I took the above photo this past weekend, when the five of us (and our two dogs) crammed into the 4Runner to drive fifteen minutes up the (gravel) highway in order to make a left and wind down a narrow logging road. At the bottom of the road is yet another section of the Trans Canada Trail, with a trail head poster board and an abandoned campsite and a creek that has abandoned its former creek bed since we’ve been there last, in favor of winding down a new route that used to be a hiking trail. Nature is fascinating.
Graham is also fascinating to me, and the moment I snapped that photo my spirit sighed because I captured him. Not all of him, no, but the part of him that has been niggling at me. He and I are wired so similarly on so many levels. We’re both the eldest child, we both love to read and to write, and we both like to do word and math puzzles for fun. We both like to talk A LOT, but we also both like to retreat into our heads and explore our imaginations for hours on end.
I know that’s what he’s doing above — in addition to being pre-pre-teen angsty — but I feel like we’re turning a corner and I’m not sure if I know how to relate to him as his Mom. I totally get him on the ‘you are wired EXACTLY LIKE ME’ level, but I never had a Mom who ‘got’ me, so I’m not sure if I’m doing it right. In the meantime, I simply tell him that I get it, that I was the same as him when I was his age, and that sometimes he’s a weenis and need to have a better attitude.
He really is such an amazing human being. He hangs out with kids who are new to school, or are feeling left out. He finds such JOY in so many little things. He loves to entertain toddlers who belong to my friends and make them laugh. He’s been learning how to cook because he wants to, he’s been learning how to clean up because he has to. He doesn’t need as much sleep as he used to. He loves to be a part of adult conversations, to the point where we have to shoo him away. He starts every conversation with ‘Can I tell you something?’

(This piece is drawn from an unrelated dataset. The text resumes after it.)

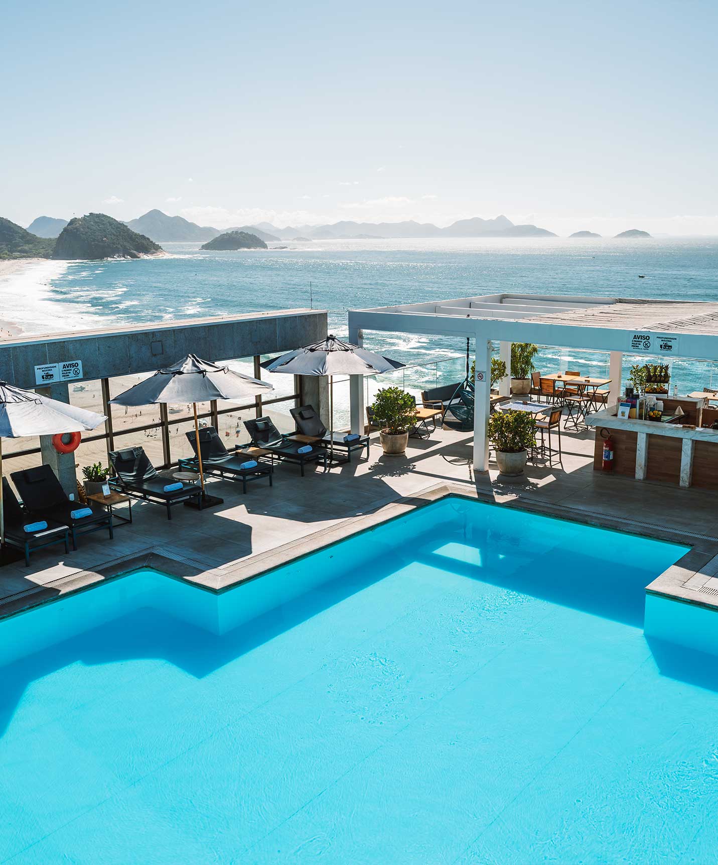 Rooftop do hotel 4 estrelas no Rio de Janeiro, com espreguiçadeiras com toalhas e vista para a Praia de Copacabana

He needs a lot of down time — more than I do, even — and I respect that. I just don’t want him to shut me out completely. I don’t know that he will, but I know that we’ll definitely have moments where he walks his own road, while kicking up the dirt.



Comments:
Aww. He’s growing up! Love the photo.
Thanks! He’s so BIG…
Really beautiful description of Graham. Make me think of my son, Leo. I just love him so much, as as he becomes a teenage, I get afraid he will tell me less and less, so I am treading carefully, loving everything he does tell me!
Yes! Me too.
I just love this post and the sentiment behind it… I both fear and am excited for the teen years, and trying to figure out my kids as they grow into adults. I pray we both can parent the heck out of our kids!
I’ll be praying the same!
I know my oldest is a little younger but I’m already feeling some of these things as well.
I love how honestly you wrote about him here. I think he will think it’s pretty cool to read this someday…
So big.
You? Are doing it right. SO RIGHT.
Also? He looks like a TEENAGER in that photo.